Georgia is a country in the Caucasus region of Eurasia. Located at the crossroads of Western Asia and Eastern Europe, it is bounded to the west by the Black Sea, to the north by Russia, to the south by Turkey and Armenia, and to the southeast by Azerbaijan. The capital and largest city is Tbilisi. Georgia covers a territory of 69,700 square kilometres (26,911 sq mi), and its 2017 population is about 3.718 million.

The native name of the country is Sakartvelo, derived from the core central Georgian region of Kartli, recorded from the 9th century, and in extended usage referring to the entire medieval Kingdom of Georgia by the 13th century. The self-designation used by ethnic Georgians is Kartvelebi.

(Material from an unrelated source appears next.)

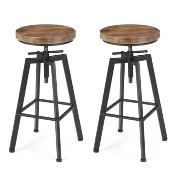 VILAVITA Vintage Adjustable Bar Stools - Rustic Industrial Swivel Seats

The medieval Georgian Chronicles present an eponymous ancestor of the Kartvelians, Kartlos, a great-grandson of Japheth. However, scholars agree that the word is derived from the Karts, the latter being one of the proto-Georgian tribes that emerged as a dominant group in ancient times. The name Sakartvelo consists of two parts. Its root, kartvel-i, specifies an inhabitant of the core central-eastern Georgian region of Kartli, or Iberia as it is known in sources of the Eastern Roman Empire. Ancient Greeks and Romans referred to early western Georgians as Colchians and eastern Georgians as Iberians (Iberoi in some Greek sources). The Georgian circumfix sa-X-o is a standard geographic construction designating "the area where X dwell", where X is an ethnonym.